- [Your task] Each line that contains "with" needs to be copied from the listing.

- [Data for this exercise]
--- START ---

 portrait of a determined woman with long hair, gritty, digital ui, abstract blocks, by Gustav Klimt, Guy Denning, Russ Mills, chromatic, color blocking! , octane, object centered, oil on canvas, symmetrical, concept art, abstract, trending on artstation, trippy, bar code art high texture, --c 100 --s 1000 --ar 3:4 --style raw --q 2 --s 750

--- END ---
--- START ---

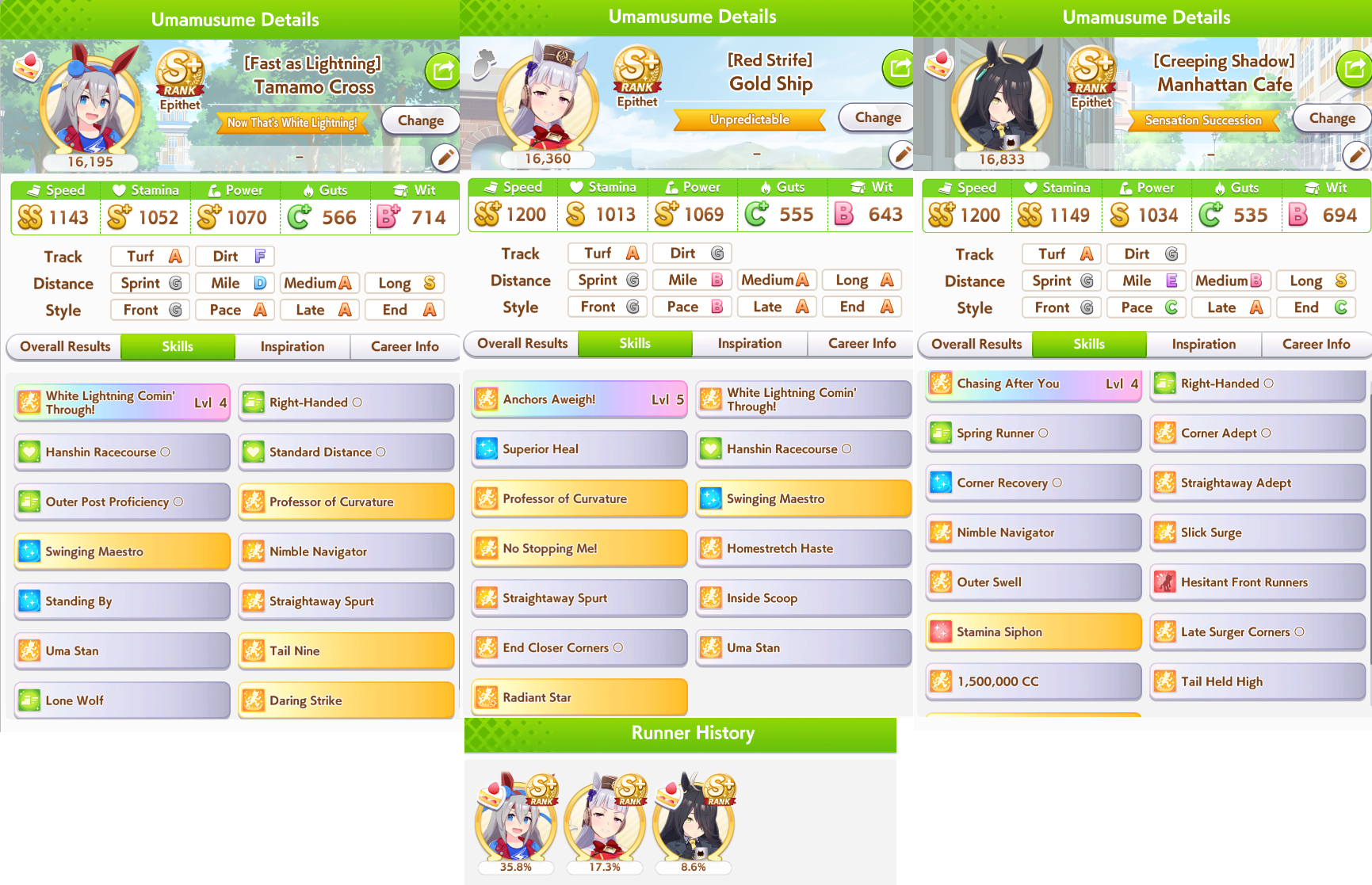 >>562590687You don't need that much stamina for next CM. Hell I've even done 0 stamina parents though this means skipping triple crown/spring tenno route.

--- END ---
--- START ---

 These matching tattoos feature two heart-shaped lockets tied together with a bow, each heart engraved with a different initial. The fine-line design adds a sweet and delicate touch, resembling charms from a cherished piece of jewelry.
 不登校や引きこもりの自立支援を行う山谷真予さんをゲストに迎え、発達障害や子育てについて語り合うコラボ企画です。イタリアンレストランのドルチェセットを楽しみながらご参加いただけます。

--- END ---

- [Exercise result]
 portrait of a determined woman with long hair, gritty, digital ui, abstract blocks, by Gustav Klimt, Guy Denning, Russ Mills, chromatic, color blocking! , octane, object centered, oil on canvas, symmetrical, concept art, abstract, trending on artstation, trippy, bar code art high texture, --c 100 --s 1000 --ar 3:4 --style raw --q 2 --s 750
 These matching tattoos feature two heart-shaped lockets tied together with a bow, each heart engraved with a different initial. The fine-line design adds a sweet and delicate touch, resembling charms from a cherished piece of jewelry.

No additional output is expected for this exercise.